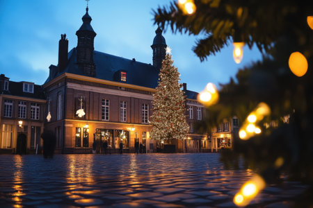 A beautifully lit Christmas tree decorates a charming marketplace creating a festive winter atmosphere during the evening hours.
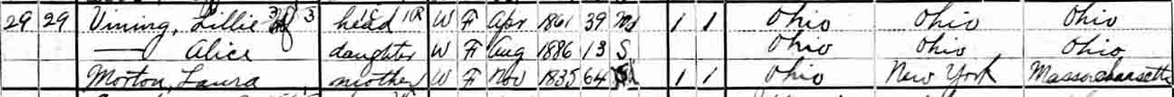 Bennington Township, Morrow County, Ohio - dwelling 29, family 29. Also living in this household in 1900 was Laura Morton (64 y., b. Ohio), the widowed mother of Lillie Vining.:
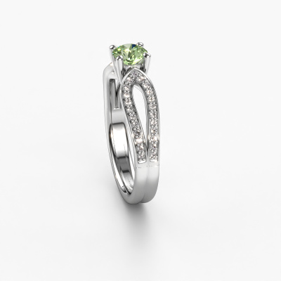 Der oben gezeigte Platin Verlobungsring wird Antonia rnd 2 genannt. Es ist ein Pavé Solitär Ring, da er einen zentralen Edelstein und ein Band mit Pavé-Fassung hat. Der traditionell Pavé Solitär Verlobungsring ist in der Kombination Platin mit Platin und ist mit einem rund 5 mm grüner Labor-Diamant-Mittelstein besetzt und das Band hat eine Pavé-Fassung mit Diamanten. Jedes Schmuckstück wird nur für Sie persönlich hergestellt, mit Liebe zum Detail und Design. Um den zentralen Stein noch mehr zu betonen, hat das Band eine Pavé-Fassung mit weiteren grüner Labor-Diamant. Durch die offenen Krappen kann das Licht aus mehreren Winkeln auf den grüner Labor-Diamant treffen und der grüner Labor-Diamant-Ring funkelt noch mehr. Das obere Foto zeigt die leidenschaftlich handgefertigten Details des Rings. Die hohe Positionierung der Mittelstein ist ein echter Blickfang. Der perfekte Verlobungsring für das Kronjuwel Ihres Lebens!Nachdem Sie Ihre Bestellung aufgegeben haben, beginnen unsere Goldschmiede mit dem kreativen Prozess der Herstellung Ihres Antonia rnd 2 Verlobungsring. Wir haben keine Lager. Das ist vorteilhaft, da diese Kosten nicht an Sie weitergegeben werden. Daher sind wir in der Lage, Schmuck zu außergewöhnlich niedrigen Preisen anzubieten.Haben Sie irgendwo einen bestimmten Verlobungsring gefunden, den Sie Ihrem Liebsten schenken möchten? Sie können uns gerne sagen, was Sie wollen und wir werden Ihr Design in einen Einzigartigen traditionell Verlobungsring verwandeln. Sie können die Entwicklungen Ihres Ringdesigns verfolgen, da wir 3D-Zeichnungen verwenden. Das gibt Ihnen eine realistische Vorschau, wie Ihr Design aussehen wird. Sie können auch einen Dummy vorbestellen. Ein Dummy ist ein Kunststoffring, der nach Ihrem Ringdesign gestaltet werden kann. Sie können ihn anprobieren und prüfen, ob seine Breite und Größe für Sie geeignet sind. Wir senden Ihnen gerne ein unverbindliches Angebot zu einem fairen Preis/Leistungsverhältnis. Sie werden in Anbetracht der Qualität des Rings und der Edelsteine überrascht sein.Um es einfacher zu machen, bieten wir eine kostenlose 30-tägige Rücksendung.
──────────────────────────────
### THE TASK
Would you transcribe all of the data exactly, apart from its pictures?

### RESULT
 A beautifully lit Christmas tree decorates a charming marketplace creating a festive winter atmosphere during the evening hours.
 Bennington Township, Morrow County, Ohio - dwelling 29, family 29. Also living in this household in 1900 was Laura Morton (64 y., b. Ohio), the widowed mother of Lillie Vining.:
 Der oben gezeigte Platin Verlobungsring wird Antonia rnd 2 genannt. Es ist ein Pavé Solitär Ring, da er einen zentralen Edelstein und ein Band mit Pavé-Fassung hat. Der traditionell Pavé Solitär Verlobungsring ist in der Kombination Platin mit Platin und ist mit einem rund 5 mm grüner Labor-Diamant-Mittelstein besetzt und das Band hat eine Pavé-Fassung mit Diamanten. Jedes Schmuckstück wird nur für Sie persönlich hergestellt, mit Liebe zum Detail und Design. Um den zentralen Stein noch mehr zu betonen, hat das Band eine Pavé-Fassung mit weiteren grüner Labor-Diamant. Durch die offenen Krappen kann das Licht aus mehreren Winkeln auf den grüner Labor-Diamant treffen und der grüner Labor-Diamant-Ring funkelt noch mehr. Das obere Foto zeigt die leidenschaftlich handgefertigten Details des Rings. Die hohe Positionierung der Mittelstein ist ein echter Blickfang. Der perfekte Verlobungsring für das Kronjuwel Ihres Lebens!Nachdem Sie Ihre Bestellung aufgegeben haben, beginnen unsere Goldschmiede mit dem kreativen Prozess der Herstellung Ihres Antonia rnd 2 Verlobungsring. Wir haben keine Lager. Das ist vorteilhaft, da diese Kosten nicht an Sie weitergegeben werden. Daher sind wir in der Lage, Schmuck zu außergewöhnlich niedrigen Preisen anzubieten.Haben Sie irgendwo einen bestimmten Verlobungsring gefunden, den Sie Ihrem Liebsten schenken möchten? Sie können uns gerne sagen, was Sie wollen und wir werden Ihr Design in einen Einzigartigen traditionell Verlobungsring verwandeln. Sie können die Entwicklungen Ihres Ringdesigns verfolgen, da wir 3D-Zeichnungen verwenden. Das gibt Ihnen eine realistische Vorschau, wie Ihr Design aussehen wird. Sie können auch einen Dummy vorbestellen. Ein Dummy ist ein Kunststoffring, der nach Ihrem Ringdesign gestaltet werden kann. Sie können ihn anprobieren und prüfen, ob seine Breite und Größe für Sie geeignet sind. Wir senden Ihnen gerne ein unverbindliches Angebot zu einem fairen Preis/Leistungsverhältnis. Sie werden in Anbetracht der Qualität des Rings und der Edelsteine überrascht sein.Um es einfacher zu machen, bieten wir eine kostenlose 30-tägige Rücksendung.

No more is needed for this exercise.